CyberSense Newsletter Icon
December 24, 2025

Daily Digital Awareness Brief

Silent Trust, Loud Consequences

As the world settles into the holiday spirit, the digital landscape remains as active as ever. Today’s brief highlights a critical mix of festive-themed fraud, major data exposure, and a significant milestone in quantum computing. While many offices are closing for the break, remember that threat actors do not take holidays.

Situational Awareness

Chrome Extensions Stealing Credentials

The Hacker News

Security researchers have identified two popular Chrome extensions that were modified to secretly harvest user credentials and session cookies. In building on yesterday’s Training Byte, which focused on mobile devices, remember that desktop browsers are likewise vulnerable; take a few minutes to navigate to chrome://extensions to audit your active add-ons; remove any you no longer use and disable those requesting excessive or outdated permissions.

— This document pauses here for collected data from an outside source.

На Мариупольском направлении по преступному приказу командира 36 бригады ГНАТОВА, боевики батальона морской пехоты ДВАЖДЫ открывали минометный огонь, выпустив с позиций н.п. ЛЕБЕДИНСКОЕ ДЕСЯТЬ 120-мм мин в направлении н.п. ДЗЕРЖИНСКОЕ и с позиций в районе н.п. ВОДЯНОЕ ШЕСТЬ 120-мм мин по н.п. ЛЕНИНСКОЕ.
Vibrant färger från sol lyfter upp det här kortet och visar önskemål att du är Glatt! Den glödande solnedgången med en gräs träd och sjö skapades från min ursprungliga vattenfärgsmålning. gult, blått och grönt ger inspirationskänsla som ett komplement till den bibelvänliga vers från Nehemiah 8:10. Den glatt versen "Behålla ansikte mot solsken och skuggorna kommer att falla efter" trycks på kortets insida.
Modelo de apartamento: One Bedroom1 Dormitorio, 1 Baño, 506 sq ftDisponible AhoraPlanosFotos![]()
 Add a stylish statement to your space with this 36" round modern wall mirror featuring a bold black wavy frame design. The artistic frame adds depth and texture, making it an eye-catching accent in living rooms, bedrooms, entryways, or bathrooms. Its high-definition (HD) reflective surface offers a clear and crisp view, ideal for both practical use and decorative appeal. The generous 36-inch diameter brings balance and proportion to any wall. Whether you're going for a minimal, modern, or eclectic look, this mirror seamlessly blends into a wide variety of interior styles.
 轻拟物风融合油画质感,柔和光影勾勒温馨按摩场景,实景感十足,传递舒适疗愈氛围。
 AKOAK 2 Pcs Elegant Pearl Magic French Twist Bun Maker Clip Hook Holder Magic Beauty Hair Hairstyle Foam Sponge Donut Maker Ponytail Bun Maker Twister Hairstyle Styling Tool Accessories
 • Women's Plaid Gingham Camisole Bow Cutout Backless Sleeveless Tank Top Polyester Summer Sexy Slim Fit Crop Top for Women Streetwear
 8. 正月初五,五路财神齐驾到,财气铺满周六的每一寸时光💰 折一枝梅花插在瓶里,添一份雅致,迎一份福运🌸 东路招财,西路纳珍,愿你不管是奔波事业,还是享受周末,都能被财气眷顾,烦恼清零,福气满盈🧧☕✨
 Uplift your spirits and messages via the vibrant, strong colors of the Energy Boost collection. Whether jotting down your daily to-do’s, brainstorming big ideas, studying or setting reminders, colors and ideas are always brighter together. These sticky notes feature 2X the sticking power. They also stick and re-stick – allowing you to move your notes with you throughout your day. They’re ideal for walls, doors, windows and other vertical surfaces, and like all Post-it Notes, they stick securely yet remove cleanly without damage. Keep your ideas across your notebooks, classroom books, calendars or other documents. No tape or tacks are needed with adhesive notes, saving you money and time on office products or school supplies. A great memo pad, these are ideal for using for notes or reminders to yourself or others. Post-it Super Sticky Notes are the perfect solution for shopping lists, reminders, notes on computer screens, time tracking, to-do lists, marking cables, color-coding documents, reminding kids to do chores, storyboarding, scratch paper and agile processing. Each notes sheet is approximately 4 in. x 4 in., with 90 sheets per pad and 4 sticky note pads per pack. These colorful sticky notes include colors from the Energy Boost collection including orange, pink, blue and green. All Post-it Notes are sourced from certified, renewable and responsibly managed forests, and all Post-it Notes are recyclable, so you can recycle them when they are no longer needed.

Operation Sentinel Busts Syndicates

Dark Reading

An INTERPOL-coordinated crackdown spanning 19 countries has neutralized several prolific cybercrime organizations. The month-long investigation resulted in:

  • 574 suspects arrested and approximately $3 million in assets seized
  • 6,000+ malicious links taken down and 6 distinct ransomware variants decrypted
  • $21 million in losses linked to cases involving BEC and digital extortion

University of Phoenix Data Breach

Security Week

The Cl0p ransomware group has claimed responsibility for a massive breach affecting 3.5 million individuals at the University of Phoenix.

  • The Connection: Threat actors exploited a zero-day vulnerability in the university's Oracle E-Business Suite (EBS) instance (specifically CVE-2025-61882)
  • The Scope: This is part of a global campaign targeting Oracle EBS environments. By gaining unauthenticated remote access to the financial application environment, Cl0p was able to exfiltrate names, SSNs, and banking details. Similar attacks have recently impacted Harvard and the University of Pennsylvania.

Training Byte

Social Post Pause

Vulnerability:

Real-time travel updates and location tagging expose physical security gaps, empty homes, and provide "proof of life" details that social engineers use to craft high-urgency scams targeting your family or colleagues.

Mitigation:

Wait until you have returned home to share vacation photos or "check-in" at locations. Keep your itinerary private and ensure your social media profiles are set to "Friends Only" to limit the audience of your personal data.

Career Development

CryptoHack

Learn about modern cryptography by solving a series of interactive puzzles and challenges. Get to know the ciphers and protocols that secure the digital world by breaking them. This starter course gets you up and running with CryptoHack. You'll learn to encode and decode data types that are commonly used in cryptography, master the XOR operation, and test your skills with complex puzzles.

📅 Self-Paced

💲 Free

Modernization and AI Insight

Zero Trust vs. Vendor Trust

Cybersecurity Intelligence

Recent data reveals that over 35% of all breaches in 2024 originated through third-party vendors. The "Vendor Trust" model, where a partner is granted broad access because of a signed contract, is failing. In 2025, true Zero Trust means treating vendors as Non-Human Identities (NHIs) that require continuous, session-based validation rather than one-time static permissions.

Looking Ahead to 2026: As we prepare to ring in the new year, make it a priority to aggressively audit and prune unnecessary vendor visibility. Don't carry legacy "implicit trust" into 2026. Start the year by implementing strictly scoped, time-bound access for every external partner, ensuring that your organization’s data, and your customers' privacy, is no longer a passenger on someone else's security journey.


Google Achieves 99.99% Fidelity on Quantum Processor

Quantum Zeitgeist

Google researchers have smashed a major bottleneck in quantum computing by reaching 99.99% fidelity in "magic states."

  • What it is: Magic states are the "quantum fuel" needed to perform complex gates (non-Clifford gates) that classical computers can't simulate
  • Why it matters: Previously, creating these states required massive "distillation factories" that wasted up to 99% of qubits. Google’s new cultivation technique reduces error by 40x while retaining 8% of attempts, drastically lowering the number of physical qubits needed to build a useful, fault-tolerant quantum computer.